§ Record excerpts
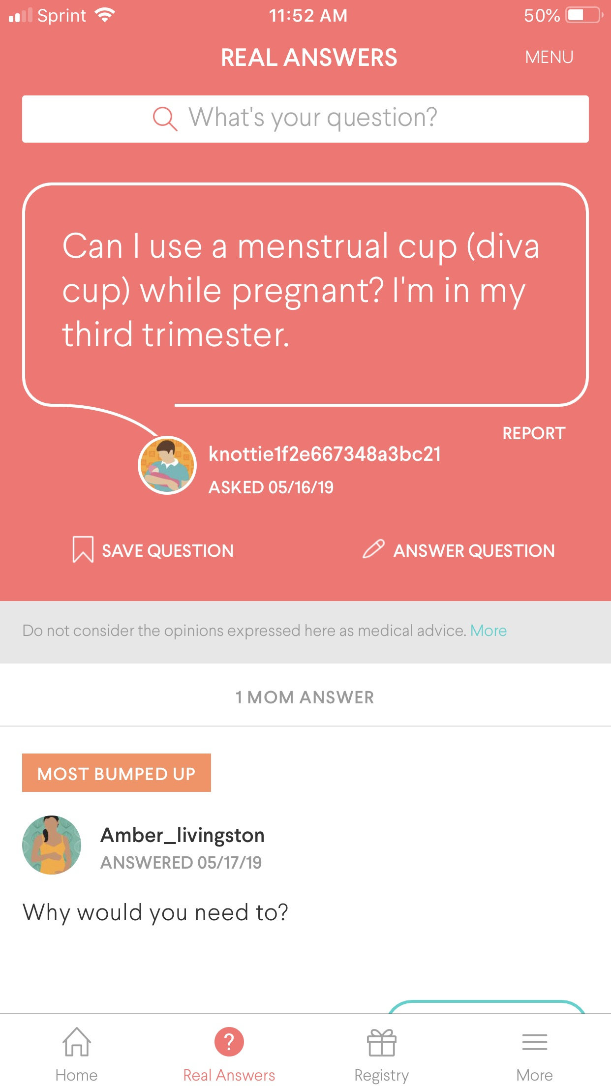 Does anyone ever read the “Real Answers” thread? I’m kind of addicted. I completely understand being a FTM and having so many questions and concerns. Don’t get me wrong, I still have concerns, with this being my second pregnancy. Anyways, I can’t help but SMH about certain questions these people ask.
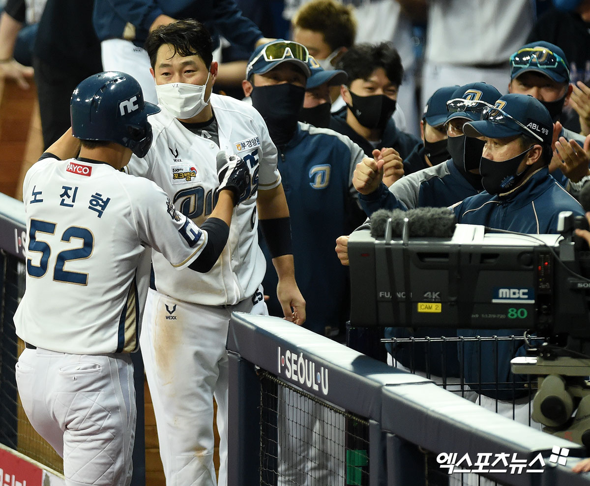 [엑스포츠뉴스 고척, 김한준 기자] 18일 오후 서울 구로구 고척스카이돔에서 열린 ‘2020 신한은행 SOL 포스트시즌’ 두산 베어스와 NC 다이노스의 한국시리즈 2차전 경기, 9회말 1사 만루 NC 노진혁이 강진성의 2타점 적시타때 득점에 성공한 후 더그아웃에서 축하를 받고 있다.
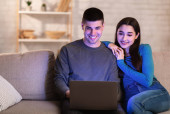 Zdjęcie "Młoda para spędza czas w domu, człowiek za pomocą laptopa" może być wykorzystywane do celów osobistych i komercyjnych zgodnie z warunkami zakupionej licencji Royalty-free. Obraz jest dostępny do pobrania w jakości wysokiej rozdzielczości do 5760x3840.
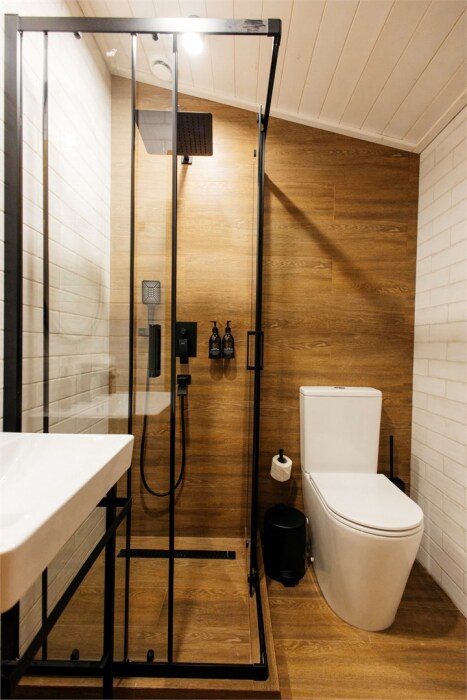 Коттедж оборудован всем необходимым для комфортного проживания: спальные места, бытовая техника, оборудованная кухонная зона, собственная ванная комната и туалет.
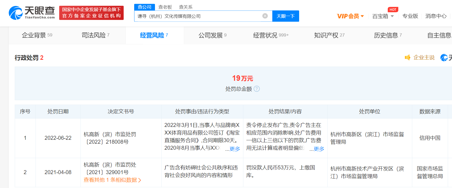 央廣網(wǎng)北京6月27日消息(記者 楊柳青) 近日,謙尋(杭州)文化傳媒有限公司因違反廣告法,被杭州市高新區(qū)(濱江)市場(chǎng)監(jiān)督管理局罰款19萬元。

§ What you are asked to do
Transcribe the listing verbatim, pictures excluded.

§ Written response
 Does anyone ever read the “Real Answers” thread? I’m kind of addicted. I completely understand being a FTM and having so many questions and concerns. Don’t get me wrong, I still have concerns, with this being my second pregnancy. Anyways, I can’t help but SMH about certain questions these people ask.
 [엑스포츠뉴스 고척, 김한준 기자] 18일 오후 서울 구로구 고척스카이돔에서 열린 ‘2020 신한은행 SOL 포스트시즌’ 두산 베어스와 NC 다이노스의 한국시리즈 2차전 경기, 9회말 1사 만루 NC 노진혁이 강진성의 2타점 적시타때 득점에 성공한 후 더그아웃에서 축하를 받고 있다.
 Zdjęcie "Młoda para spędza czas w domu, człowiek za pomocą laptopa" może być wykorzystywane do celów osobistych i komercyjnych zgodnie z warunkami zakupionej licencji Royalty-free. Obraz jest dostępny do pobrania w jakości wysokiej rozdzielczości do 5760x3840.
 Коттедж оборудован всем необходимым для комфортного проживания: спальные места, бытовая техника, оборудованная кухонная зона, собственная ванная комната и туалет.
 央廣網(wǎng)北京6月27日消息(記者 楊柳青) 近日,謙尋(杭州)文化傳媒有限公司因違反廣告法,被杭州市高新區(qū)(濱江)市場(chǎng)監(jiān)督管理局罰款19萬元。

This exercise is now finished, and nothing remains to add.